§ **Dataset section**:
#####
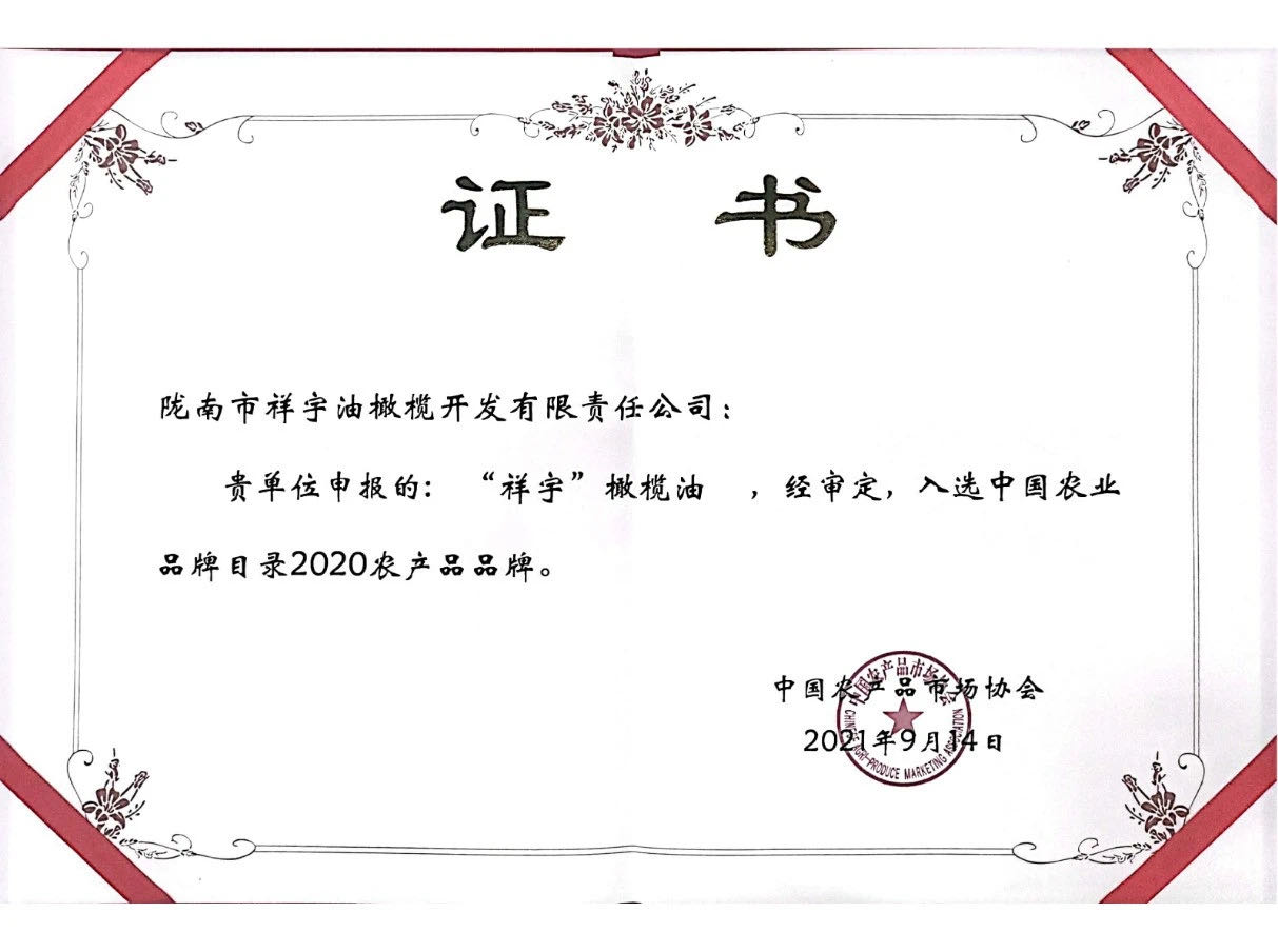 祥宇橄欖油入選中國(guó)農(nóng)業(yè)品牌目錄2020農(nóng)產(chǎn)品品牌!
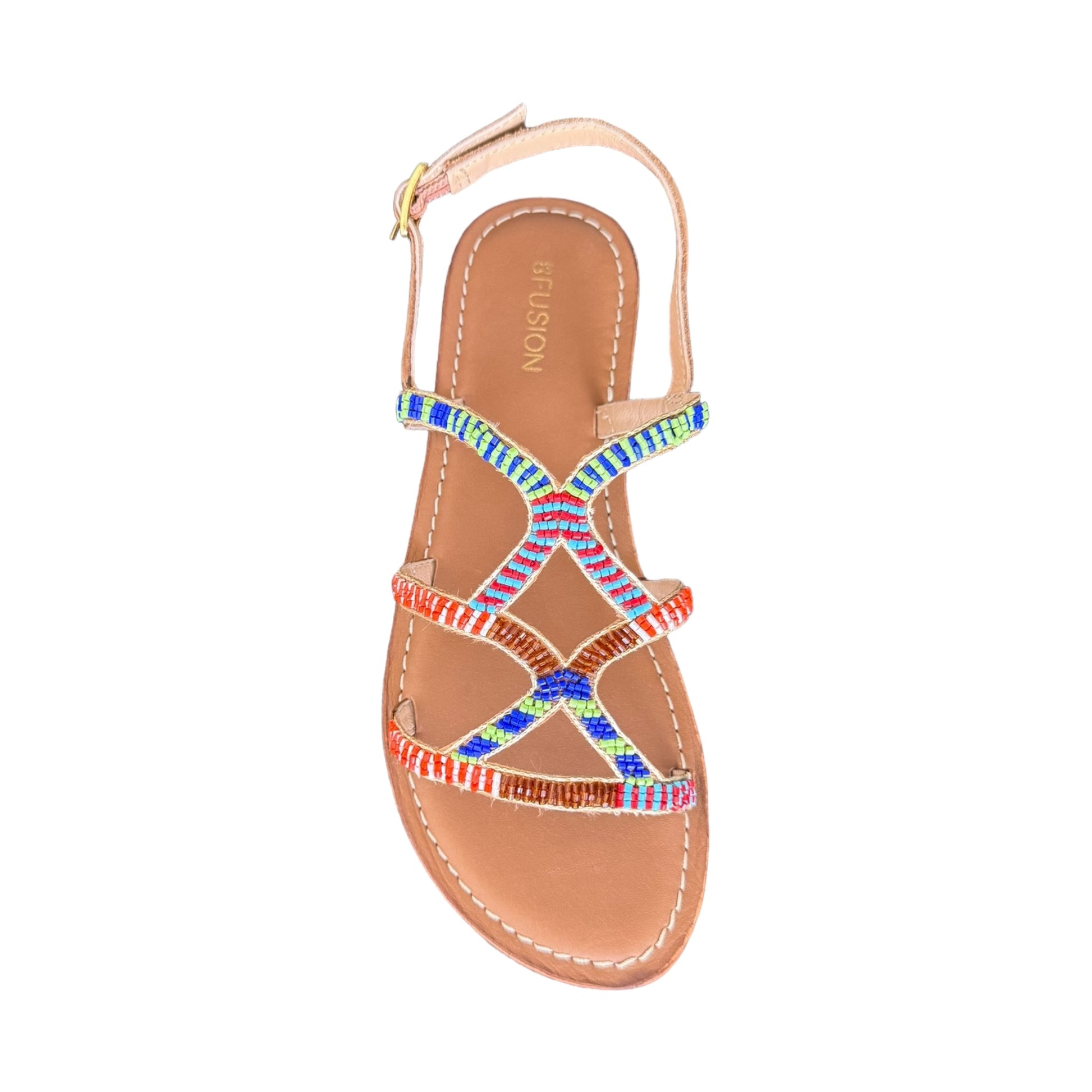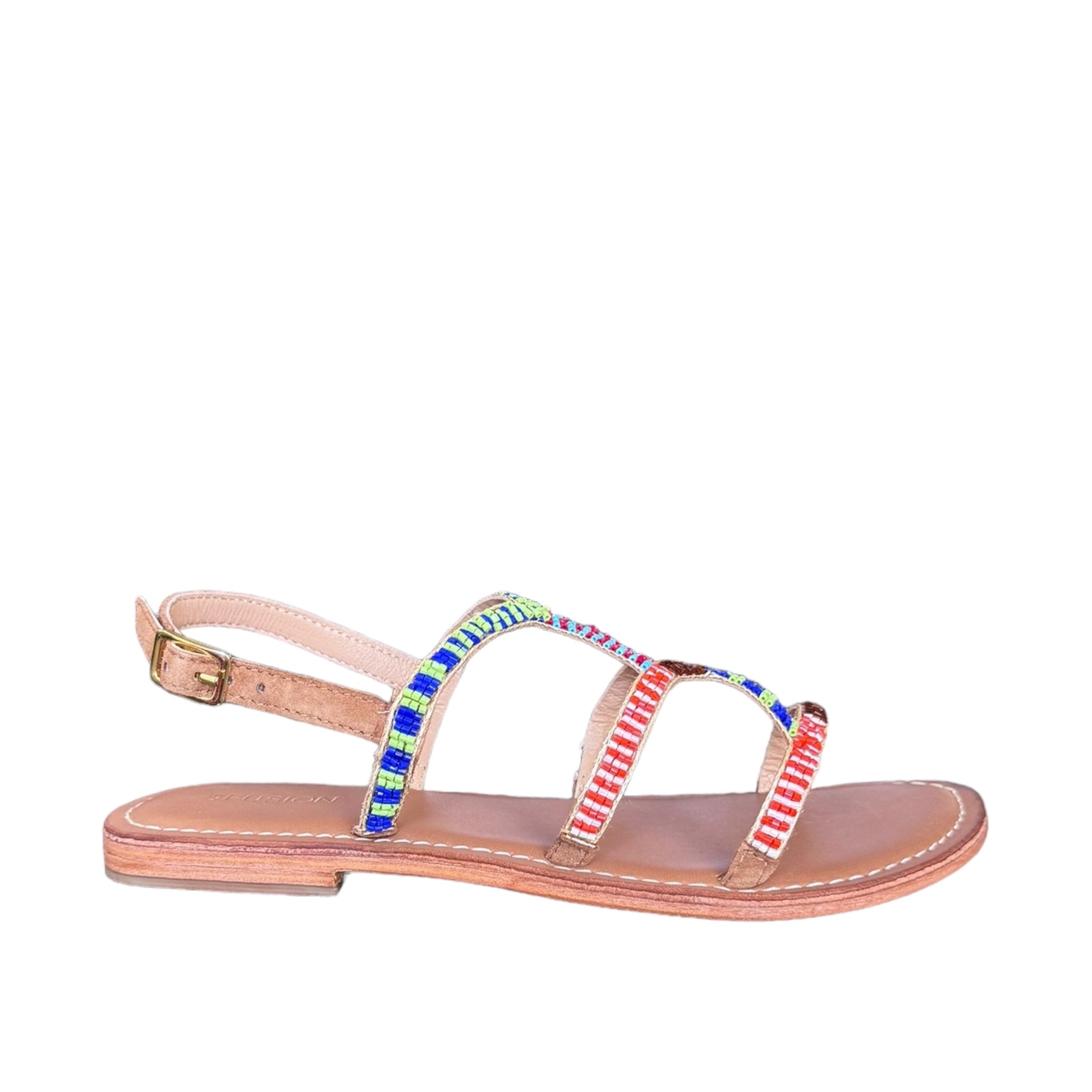 Sandalo Basso con cinturini intrecciati e perline Multicolor
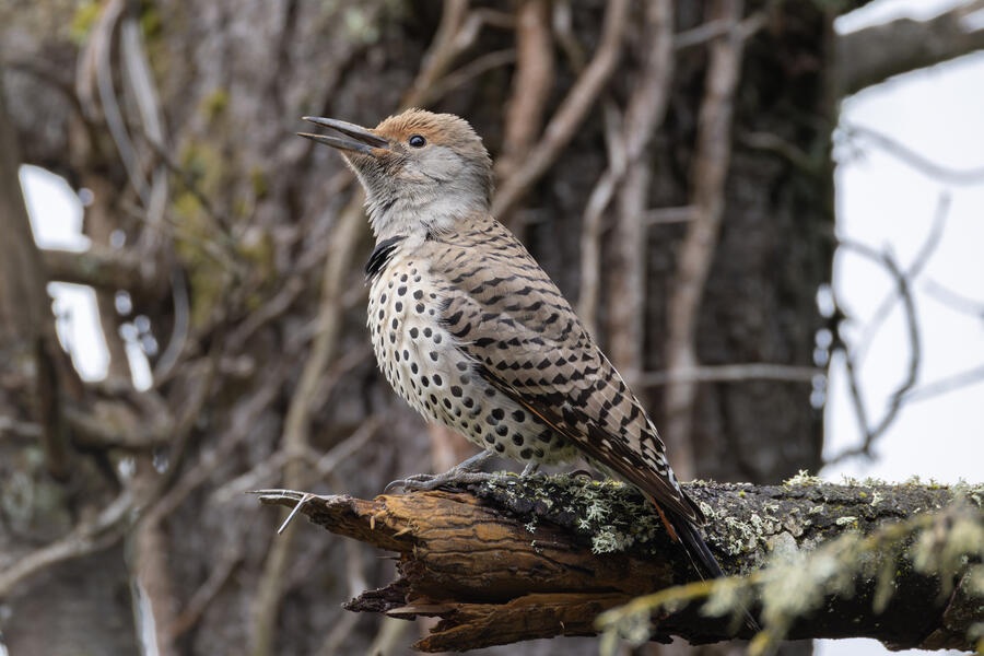 Northern Flicker (Red-shafted)I saw a pair of flickers and what I presumed was a tree with a nest cavity. This female was calling/singing from a branch near the nest hole.
#####
§ **What the exercise asks**:
Output all of the data above exactly; no pictures should appear.

§ **Written response**:
 祥宇橄欖油入選中國(guó)農(nóng)業(yè)品牌目錄2020農(nóng)產(chǎn)品品牌!
 Sandalo Basso con cinturini intrecciati e perline Multicolor
 Northern Flicker (Red-shafted)I saw a pair of flickers and what I presumed was a tree with a nest cavity. This female was calling/singing from a branch near the nest hole.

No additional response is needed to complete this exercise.